On July 11, 2021, the country erupted in protests, and the government cracked down, viciously. If dissidence was dangerous and painful before, it was even more so thereafter. The likes of Abraham Jiménez Enoa were under tremendous pressure. The government had been holding Jiménez Enoa’s passport. But, in November, they gave him the ultimatum: We will return your passport — but only if you leave the country, immediately. Otherwise, you’re going to prison.
When he got off the plane, he was amazed. “I landed in Barcelona, capitalism, the Western world.” He had never been in a subway system. He had never had a bank account. “I had the feeling of being born again. It was as if I had landed on Saturn or in another galaxy.” He realized, more than ever, that Cuba was a cruel and abnormal country. It is “an island kidnapped by a political system” that has kept the country in darkness for almost 65 years.
A dictatorship has many ways of keeping a population under control. One of them is: They punish the loved ones of troublemakers. This is maybe the worst punishment a “troublemaker” can suffer. The Cuban dictatorship fired Abraham’s mother, father, and sister from their jobs. A proud revolutionary family was brought low.
Nosy, impertinent, I ask, “Does your family love you still?” Jiménez Enoa says, “I want to think they do.” I want to think that, too.

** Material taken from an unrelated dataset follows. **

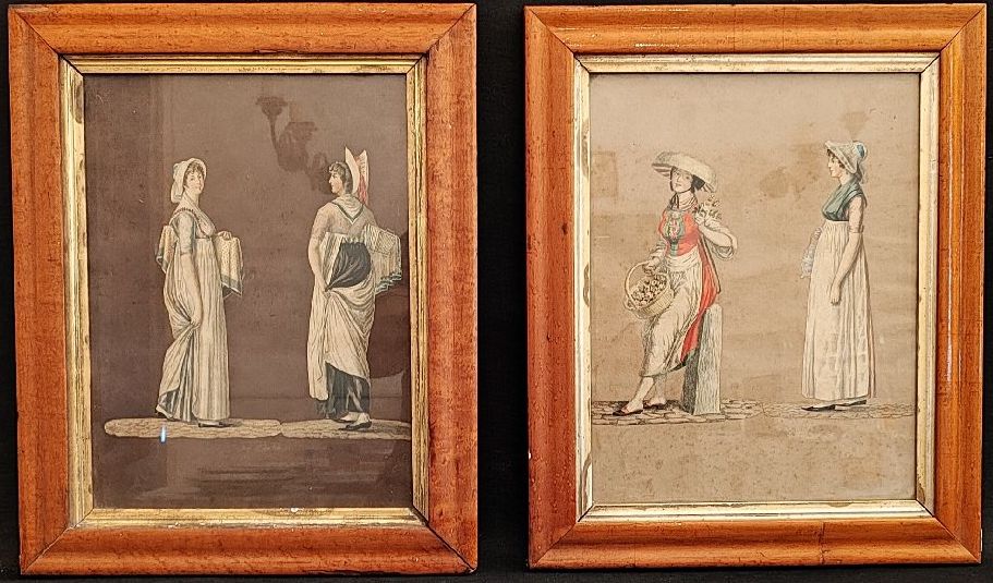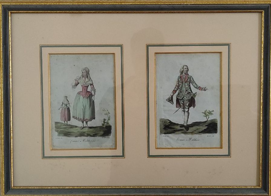 19th C. French pair lithographs with water-colour ‘Homme & Femme Maltaise’ framed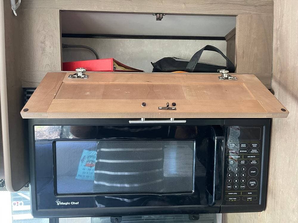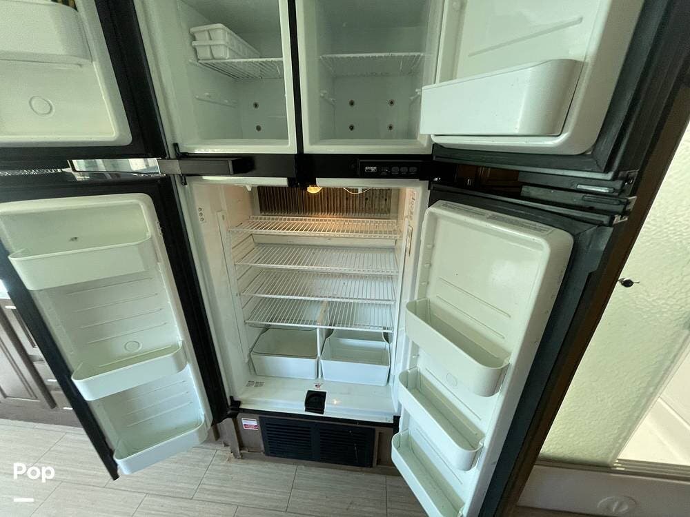 This FR3 features a 3-burner stove in the kitchen, an oven, a microwave, and a huge 4-door gas and electric refrigerator freezer.

The Cuban democracy movement, which I have covered for 30 years, is full of Afro-Cubans. Afro-Cubans constitute something like 10 percent of the Cuban population, but they seem to dominate the democracy movement. This is unsurprising, says Jiménez Enoa. “In Cuba, there is structural, or systemic, racism.” There are many fewer opportunities for black Cubans than for white Cubans. “Almost all the people in power are white.”
Fidel Castro died in 2016 at 90. His successor dictator, his brother Raúl, is 92. Unfortunately, the Castro dictatorship bids to outlive the Castros. The Castro brothers installed castrismo, says Jiménez Enoa, and “castrismo is like a machine that has a life of its own at this point.”

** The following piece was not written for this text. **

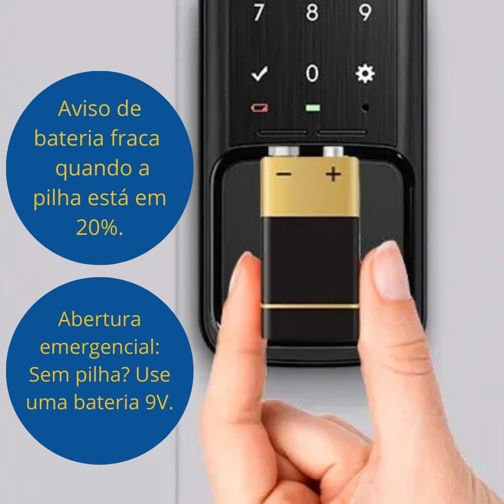 Entrada de emergência para bateria 9V, permitindo abrir a porta caso as pilhas se esgotem.

Democrats and dissidents are divided on the matter of U.S. policy toward Cuba. Jiménez Enoa is one who thinks that sanctions hurt the general population while leaving the ruling class untouched. “The people in power still have food and electricity. They live life normally.” In principle, Jiménez Enoa is against outside interference in Cuban affairs. At the same time, he favors support of civil-society groups.
Before we part, I say, “Cubans are brave — very brave. Don’t you agree?” He does. He has encountered people who think the opposite, however. He recently talked with a man from Catalonia who said, “You Cubans are not brave, because you have let this dictatorship rule you for all this time, and you have not taken it down.”
Yes, answers Jiménez Enoa. But people have to realize that totalitarianism in Cuba is overwhelming. “They don’t even need to kill a person to take the whole country hostage. They do it through fear. They take away people’s livelihoods. They monitor you, every second. They harass you.” They’ve got the country by the throat.
The Cuban people are indeed brave, says Jiménez Enoa, “because they continue to fight even though sometimes they don’t have water to take a shower.”
Like virtually every Cuban I have ever met, Jiménez Enoa is disgusted by the world’s illusions about his country. It’s a democracy, the illusioned say, with a good and humane government, which has built education, which provides excellent health care, which has gotten rid of racism, etc. This is all nonsense, as Jiménez Enoa says, a pack of lies. “It’s a dictatorship, and the only thing it has done in the last six decades is undermine the spirit of the people.”
It is inspiring to sit with Abraham Jiménez Enoa, a courageous writer, a splendid soul.